I also like Bob Wills, The Light Crust Doughboys, The Tune Wranglers, The Hi-Flyers, Johnnie and Jack, Billy Jack Wills, Tex Williams, and one of my very favorite modern groups... Riders In The Sky.

I'm more of a fan of Western Swing but I do enjoy good cowboy songs as well.

Kevin


----------



## Vaneyes (May 11, 2010)




----------



## Vaneyes (May 11, 2010)




----------



## Head_case (Feb 5, 2010)

How can you not like Elvis?! 

As much as it seems like cowboy movies are now in the corny genre in this side of the Atlantic, I always remembered the really superb Audie Murphy movies. He was the kind off filmstar every 8 year old could look up to as the American icon.
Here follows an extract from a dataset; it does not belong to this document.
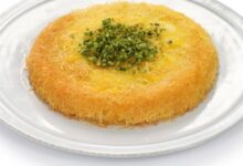 - قلب صيينة الكنافة مباشرة في طبق مناسب للتقديم، ثمّ توزيع القطر عليها حسب الرغبة ثمّ تزيينها بالفستق الحلبي الناعم.

Firstly he wasn't arrogant or self-inflated with narcissism like this generation's hopeless steroid blasted man boob stereotypes. He was quietly unassuming and heroic in his laidback style like the kind of big brother that every kid would want (even if he was only 5ft 5" tall, which served further to emphasise that strength of character without physical illusion). I gather he was an amazing soldier in the second world war whose valour was commended. For a soldier who brought great honour to his country and served in saving Europe before turning filmstar, the shocking parallels of the world of integrity in the 19th century American cowboy sets really hits home how strange and quick our modern decay has eaten into us, so much that we accept a filmstar as a president (or in Italy's case, a female porn actress in parliament).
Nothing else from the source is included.